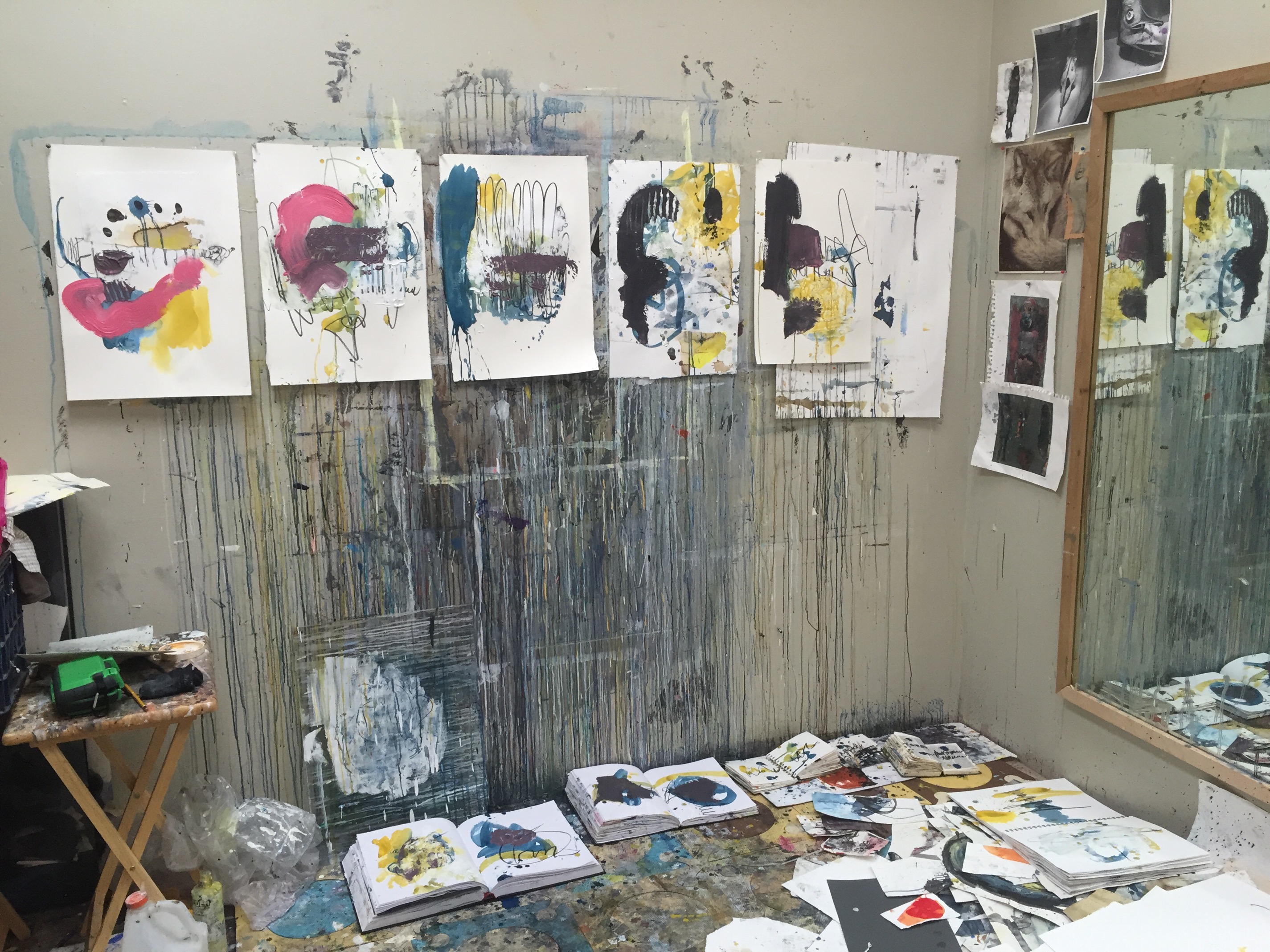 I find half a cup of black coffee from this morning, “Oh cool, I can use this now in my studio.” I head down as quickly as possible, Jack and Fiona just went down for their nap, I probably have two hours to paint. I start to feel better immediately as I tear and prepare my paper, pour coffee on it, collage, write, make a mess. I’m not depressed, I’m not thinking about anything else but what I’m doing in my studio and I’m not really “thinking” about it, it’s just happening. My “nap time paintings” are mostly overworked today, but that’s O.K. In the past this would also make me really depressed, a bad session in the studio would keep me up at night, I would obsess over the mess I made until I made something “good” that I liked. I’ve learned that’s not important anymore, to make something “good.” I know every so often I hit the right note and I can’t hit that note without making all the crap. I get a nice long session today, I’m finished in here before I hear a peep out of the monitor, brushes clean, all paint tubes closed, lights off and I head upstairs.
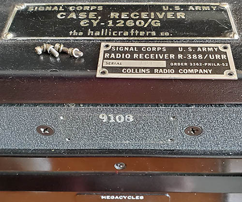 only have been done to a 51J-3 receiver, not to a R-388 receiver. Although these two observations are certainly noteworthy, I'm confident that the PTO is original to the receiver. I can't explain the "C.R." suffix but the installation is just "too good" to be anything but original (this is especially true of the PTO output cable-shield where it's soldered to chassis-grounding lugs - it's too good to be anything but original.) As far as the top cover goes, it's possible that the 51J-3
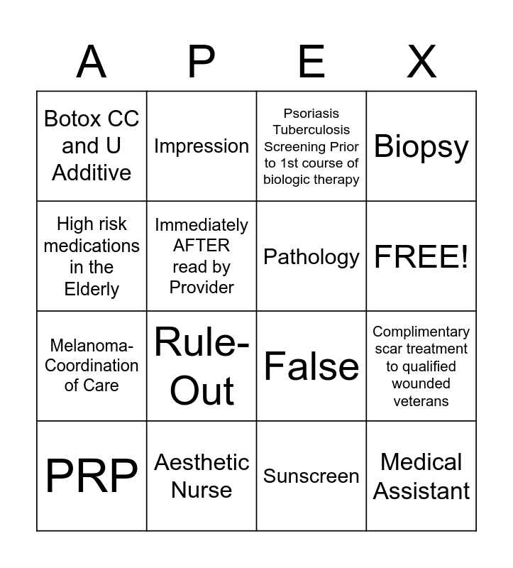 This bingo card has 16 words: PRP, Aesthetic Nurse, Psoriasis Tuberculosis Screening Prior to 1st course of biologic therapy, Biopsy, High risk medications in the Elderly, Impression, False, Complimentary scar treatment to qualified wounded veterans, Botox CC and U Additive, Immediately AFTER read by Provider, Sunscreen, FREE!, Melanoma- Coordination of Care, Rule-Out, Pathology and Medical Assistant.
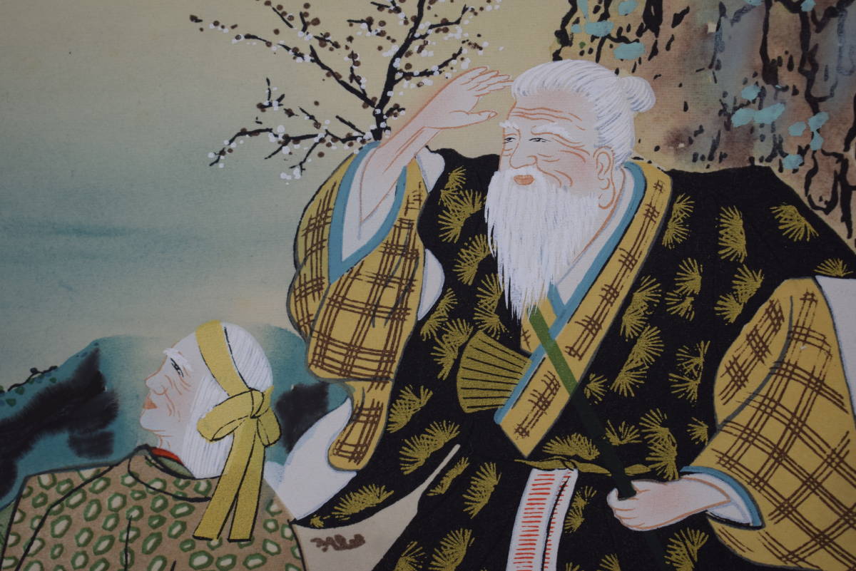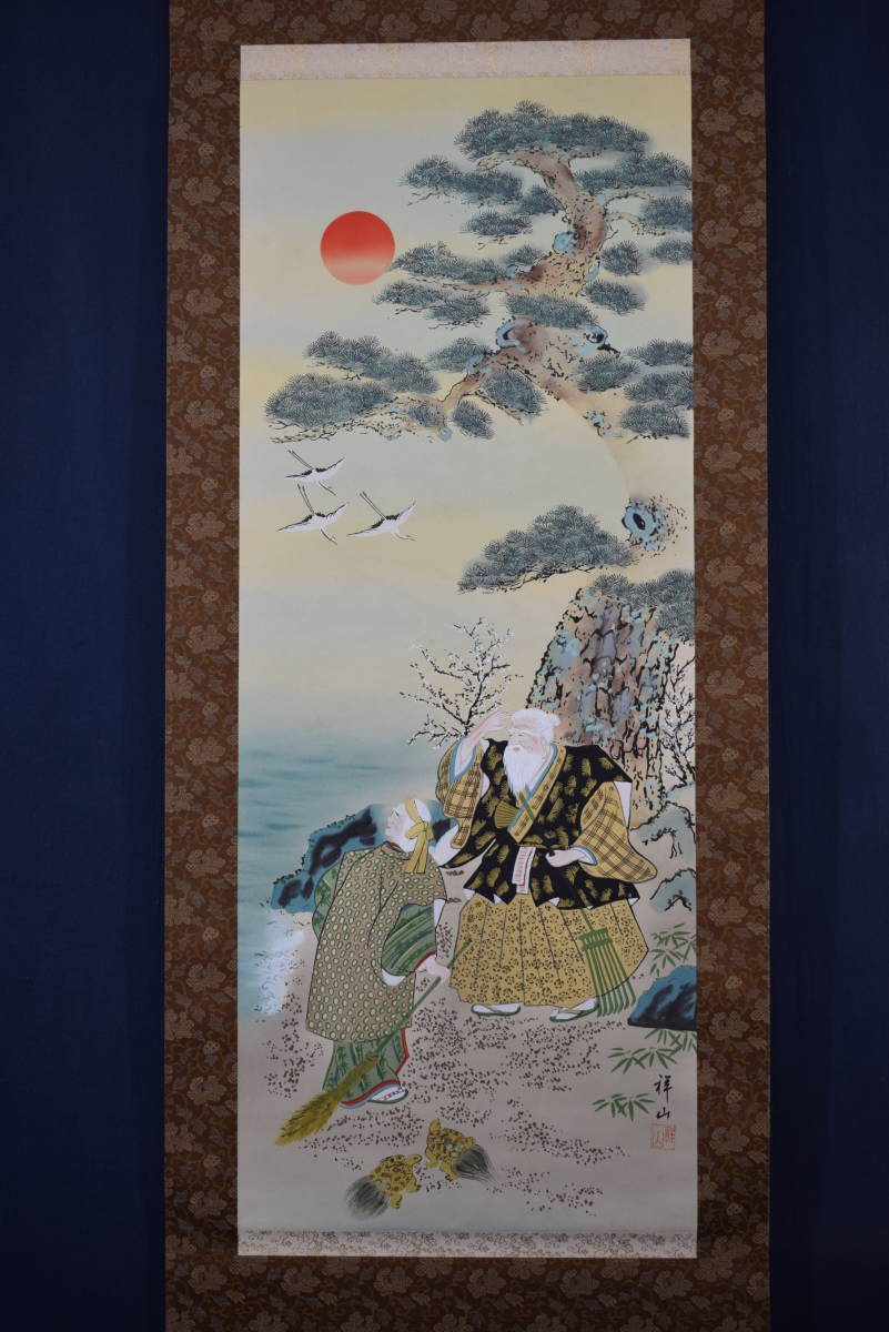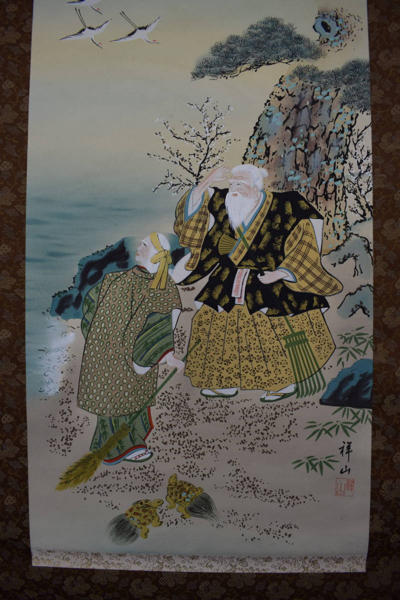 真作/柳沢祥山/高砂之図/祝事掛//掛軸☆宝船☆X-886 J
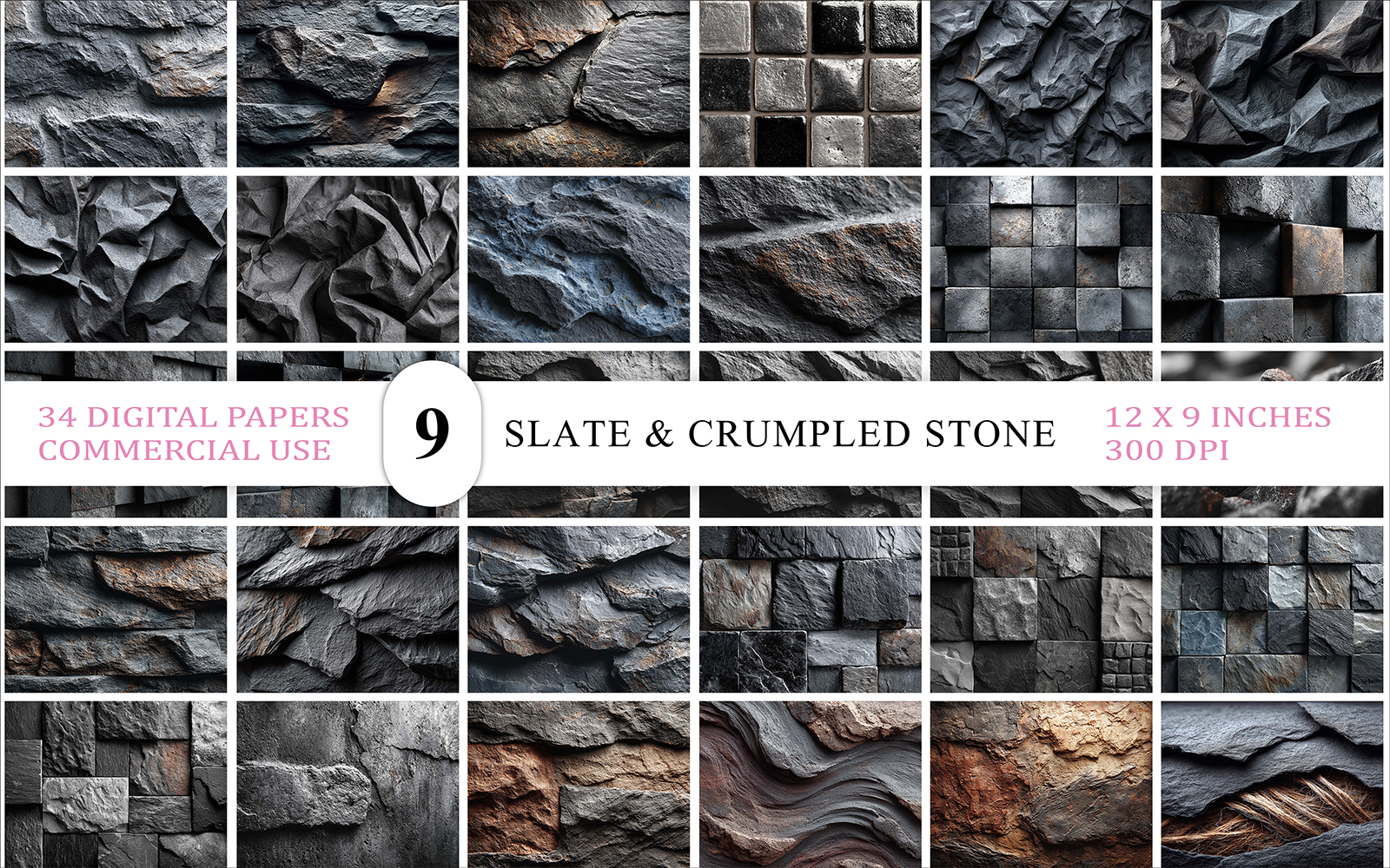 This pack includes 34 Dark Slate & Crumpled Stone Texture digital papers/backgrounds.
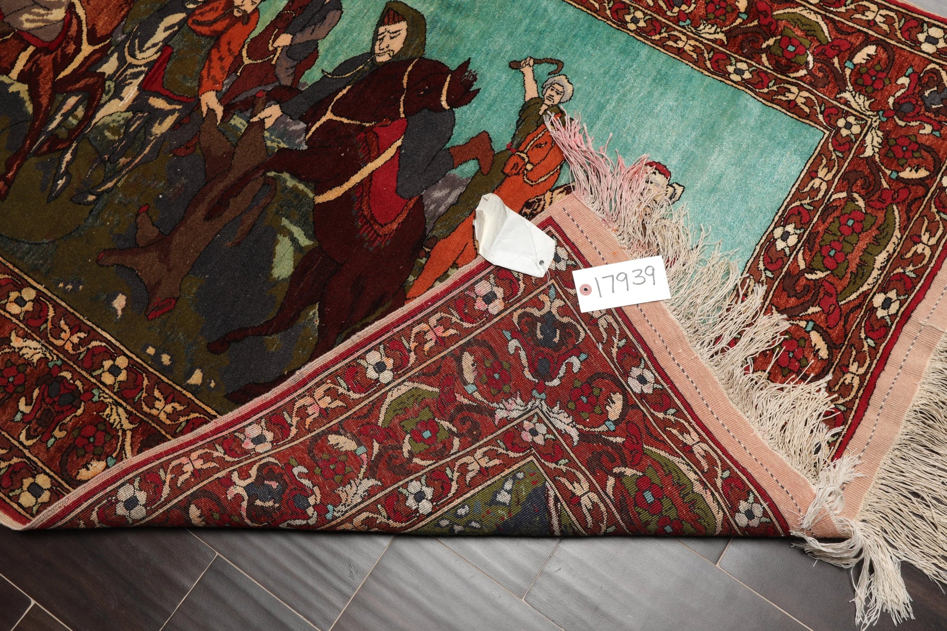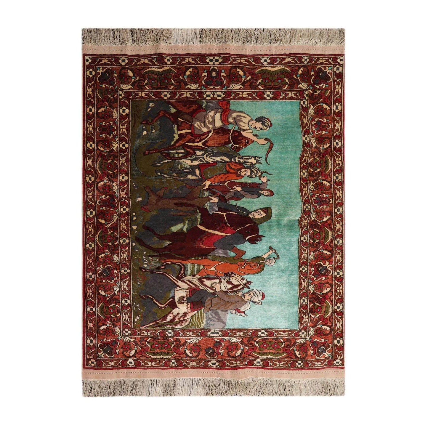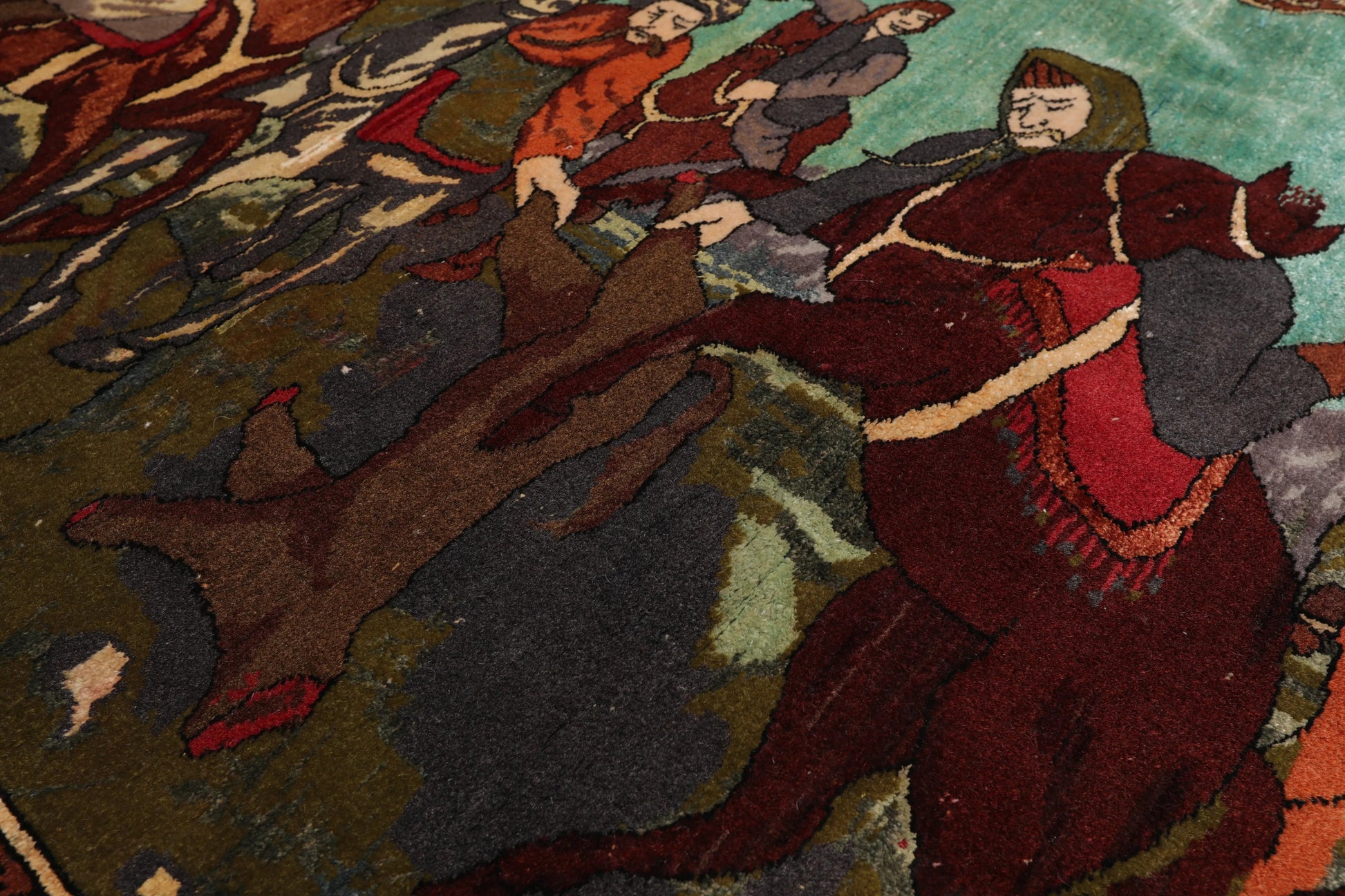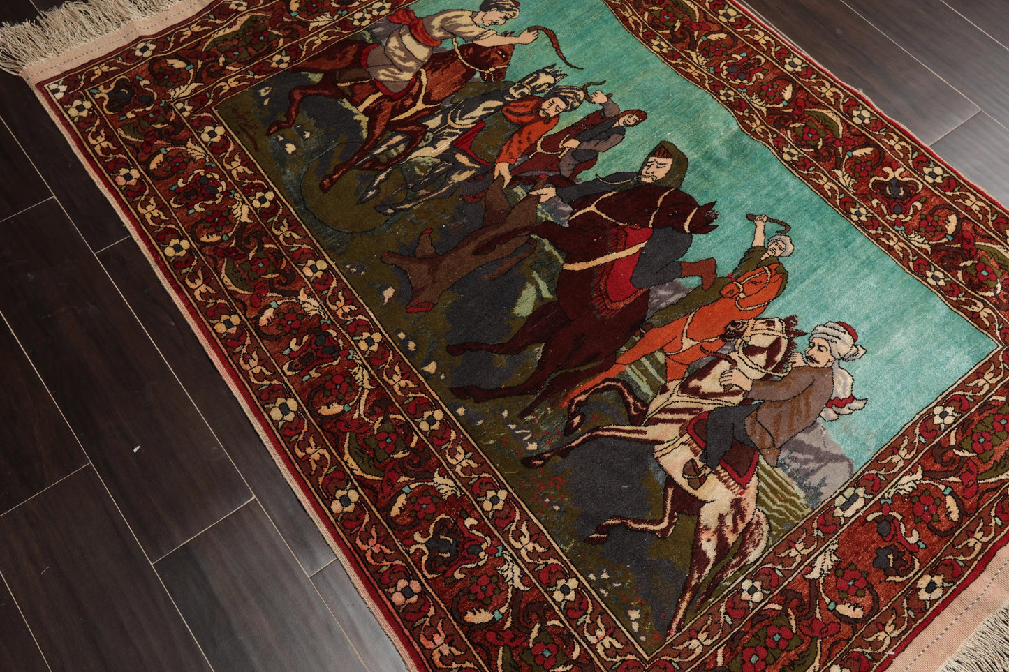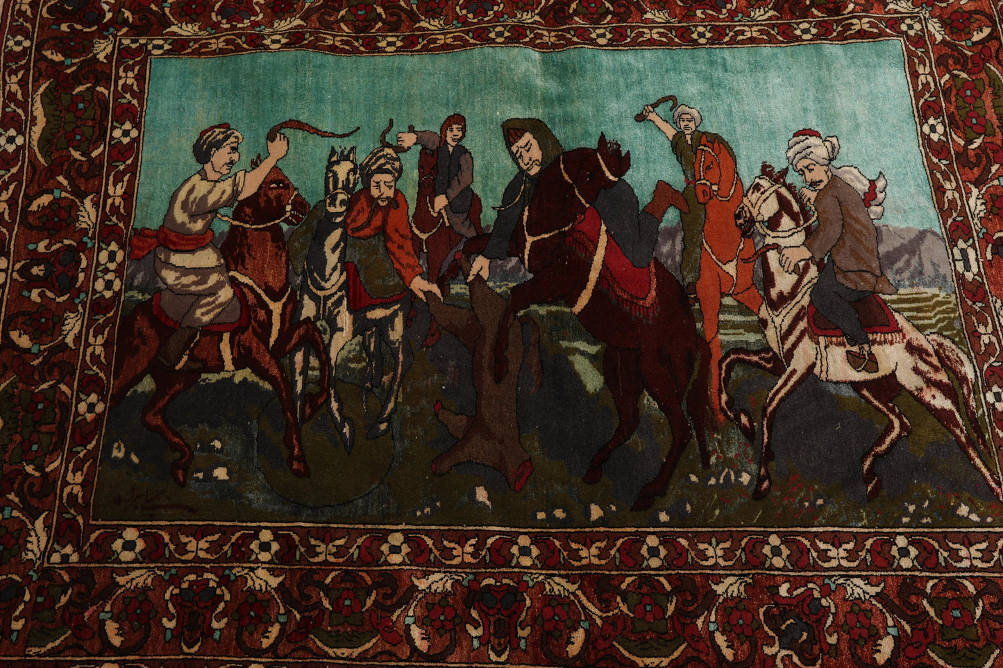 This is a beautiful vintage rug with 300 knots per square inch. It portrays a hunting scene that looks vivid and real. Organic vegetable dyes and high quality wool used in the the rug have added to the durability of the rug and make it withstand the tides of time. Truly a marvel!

========================

(WORK TASK) Reproduce exactly the lines above starting at the line containing "真作/柳沢祥山/高砂之図/祝事掛//掛軸☆宝船☆X-886 J" and ending at the line containing "This pack includes", including both, but not the pictures.

(WRITTEN ANSWER)
 真作/柳沢祥山/高砂之図/祝事掛//掛軸☆宝船☆X-886 J
 This pack includes 34 Dark Slate & Crumpled Stone Texture digital papers/backgrounds.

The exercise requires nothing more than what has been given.